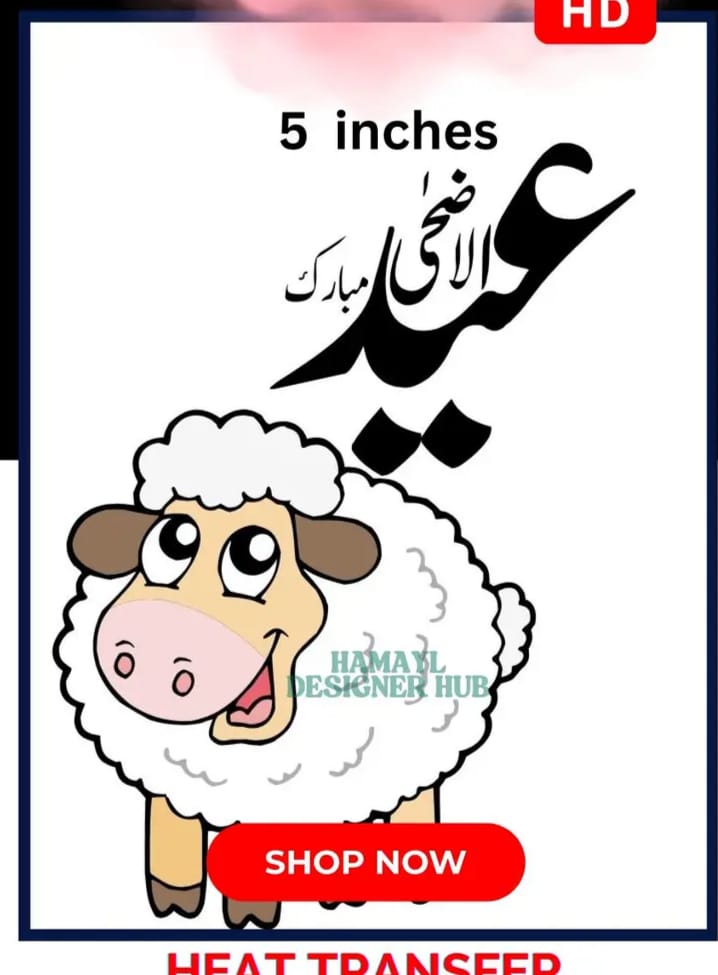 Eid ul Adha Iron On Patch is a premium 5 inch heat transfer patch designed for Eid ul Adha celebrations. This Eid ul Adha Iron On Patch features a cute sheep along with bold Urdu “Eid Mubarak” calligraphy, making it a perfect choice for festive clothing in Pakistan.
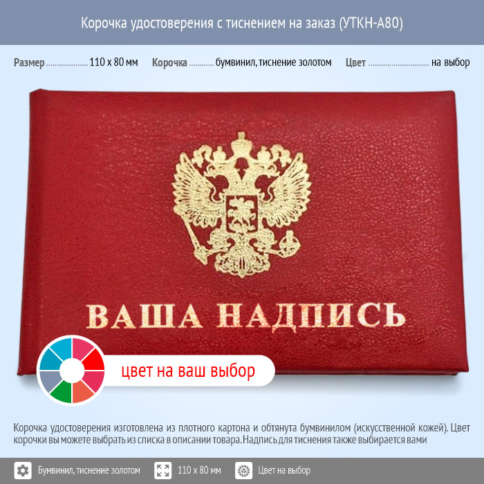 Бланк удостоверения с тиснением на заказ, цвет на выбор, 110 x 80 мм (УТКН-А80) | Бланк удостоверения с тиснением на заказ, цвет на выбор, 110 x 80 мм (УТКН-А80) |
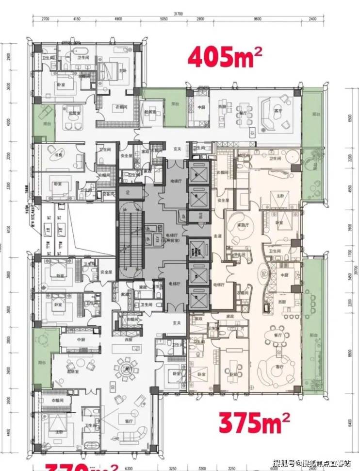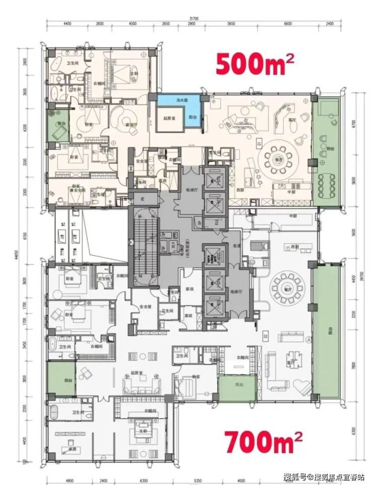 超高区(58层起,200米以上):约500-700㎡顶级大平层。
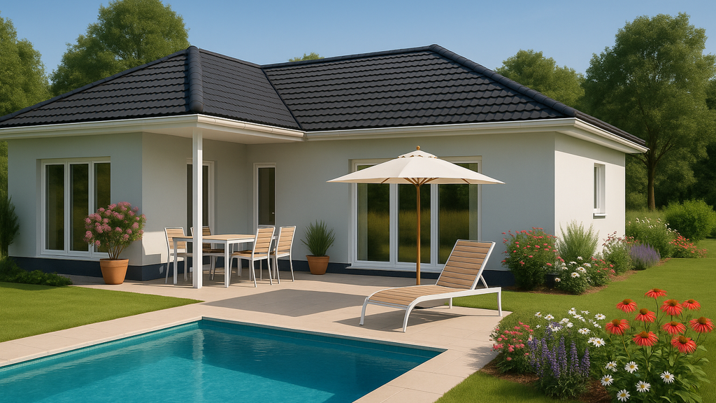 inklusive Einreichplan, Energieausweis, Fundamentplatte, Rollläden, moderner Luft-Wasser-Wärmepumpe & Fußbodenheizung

· · · · ·

- [Your goal]
Return an exact copy of the data above, apart from any pictures.

- [Solution to this exercise]
 Eid ul Adha Iron On Patch is a premium 5 inch heat transfer patch designed for Eid ul Adha celebrations. This Eid ul Adha Iron On Patch features a cute sheep along with bold Urdu “Eid Mubarak” calligraphy, making it a perfect choice for festive clothing in Pakistan.
 Бланк удостоверения с тиснением на заказ, цвет на выбор, 110 x 80 мм (УТКН-А80) | Бланк удостоверения с тиснением на заказ, цвет на выбор, 110 x 80 мм (УТКН-А80) |
 超高区(58层起,200米以上):约500-700㎡顶级大平层。
 inklusive Einreichplan, Energieausweis, Fundamentplatte, Rollläden, moderner Luft-Wasser-Wärmepumpe & Fußbodenheizung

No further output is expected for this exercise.